Als es zur Trennung kommt, ist Marcel sieben Jahre alt und er zieht mit seiner Mutter in die 90.000 Einwohner große Stadt Zwickau. Die Idylle ist allerdings etwas getrübt. Die kleine Familie bezieht eine Wohnung in einem Plattenbau im Vorort. Ab diesem Zeitpunkt wird Marcel seinen Vater nur noch sporadisch sehen. Die Mutter findet einen neuen Partner und heiratet ihn später auch. Zunächst bleibt das Verhältnis unproblematisch, später gibt es Schwierigkeiten mit Gewalt in der Ehe und auch gegen Marcel.

Mit elf oder zwölf Jahren fängt er an Zigaretten zu rauchen, so genau weiß er das heute aber nicht mehr. Die teils schlimmen epileptischen Anfälle der Mutter, die zu dieser Zeit erstmalig auftreten, bleiben Marcel dagegen gut in Erinnerung. Die Ehe der Mutter scheitert, aber mit dem nächsten Partner wird es nicht besser: Marcel beschreibt die Zeit heute als „abschreckend – der Typ hat sie zum Saufen gebracht”.

Vielleicht wegen dieser Erfahrungen greift Marcel als Jugendlicher weniger zum Alkohol, sondern eher zu Marihuana. Mit chemischen Drogen fängt er erst spät an.

Zu dieser Zeit ist er viel allein zuhause, viele Tage vergehen im Rausch vor der Spielekonsole. Die Mutter schafft es kaum, Marcel zu unterstützen, es ist eher Marcel, der ihr beim Alltäglichen hilft. Er fehlt viel in der Schule und isoliert sich.

„Ich wollte nicht mehr allein sein.” Und so macht Marcel einen ungewöhnlichen Schritt. Er geht von allein in das Zwickauer Kinderheim und bittet um Aufnahme. Hier kümmert man sich um ihn und gibt ihm die notwendige Tagesstruktur. Den Schulabschluss schafft er als Jugendlicher nicht – aber er wird ihn später auf Hof Fleckenbühl nachholen.

Jetzt beginnt für Marcel eine gute Zeit. Er beginnt eine Ausbildung zum Fliesenleger bei einer städtischen Einrichtung und schließt diese auch ab. Marcel baut sich eine Beziehung auf und genießt ein paar unbeschwerte und glückliche Jahre.

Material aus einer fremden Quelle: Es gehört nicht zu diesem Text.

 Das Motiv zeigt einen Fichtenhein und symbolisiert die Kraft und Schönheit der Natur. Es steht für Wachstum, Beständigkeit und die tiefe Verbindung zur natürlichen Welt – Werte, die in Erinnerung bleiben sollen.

Das Blatt wendet sich, als Marcel etwa 20 Jahre alt ist. Die Freundin verlässt ihn und kommt mit seinem besten Freund zusammen. Er ist am Boden zerstört und empfänglich für die Wirkungen härterer Drogen. Besonders Crystal Meth, das in Sachsen weit verbreitet ist, lässt ihn schnell nicht mehr los. Heute ist Marcel selber erstaunt, in wie kurzer Zeit er abhängig wurde und wie schnell der soziale Abstieg verlief: Innerhalb eines halben Jahres verlor er die Wohnung und die Arbeit. Der Kontakt zur Mutter wird in dieser Zeit immer weniger und weniger.

In den nächsten fünf Jahren ist Marcel ohne einen festen Wohnsitz. Das Crystal hat ihn fest im Griff. Heute bezeichnet er die Zeit als eine Art Parallelwelt. Ohne Disco und Party, aber bis zu zwei Wochen am Stück ohne richtigen Schlaf. Anschließend schläft er dann bis zu zwei Tage komplett durch. Er lebt bei Kumpels und verkauft Drogen, um sein Leben zu finanzieren.

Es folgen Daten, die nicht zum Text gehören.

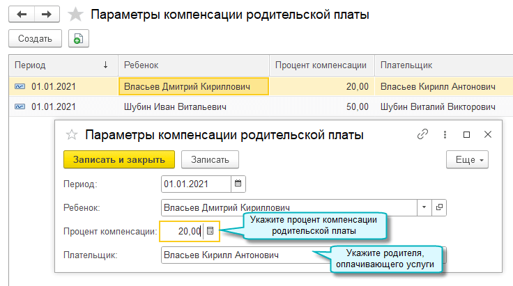 Полный интерфейс: меню "Деятельность - Услуги детям - Параметры компенсации родительской платы".

Zu Beginn konnte er das Leben mit der Droge noch genießen, nach und nach verliert er aber den Bezug zur Realität. Marcel verbringt die Tage nur mit Dealen, Computerspielen und dem Konsum von Crystal und Marihuana.

Das schlimmste Erlebnis in dieser Zeit war ein Überfall: Er wurde mit vorgehaltener Waffe in der Wohnung überfallen, ins Bad gesperrt und ausgeraubt.

Zuletzt geht es Marcel immer schlechter, Ängste und Depressionen sind Folgen der harten Droge Crystal Meth. Er hat zwanzig Kilogramm weniger als heute gewogen.

Auch hat er zu dieser Zeit mehrere Bekannte durch Überdosierungen verloren.

Ich war froh, als die mich festgenommen haben!“

sagt Marcel heute rückblickend. Zunächst drei Monate Gefängnis wegen einer nicht bezahlten Geldstrafe und später zwei Jahre und drei Monate wegen des bewaffneten Handels mit Drogen. „In dem Jahr dazwischen ging nichts mehr“, sagt Marcel und ist im Nachhinein dankbar für das Urteil. Er kann sich noch gut an den Richter des Amtsgerichts Zwickau erinnern, der die Strafe ausgesprochen hat. „Therapie statt Strafe“ kannte Marcel vorher nicht, aber er durfte eine Therapie nach §§35, 36 BtMG beantragen und somit seine Zeit im Gefängnis verkürzen.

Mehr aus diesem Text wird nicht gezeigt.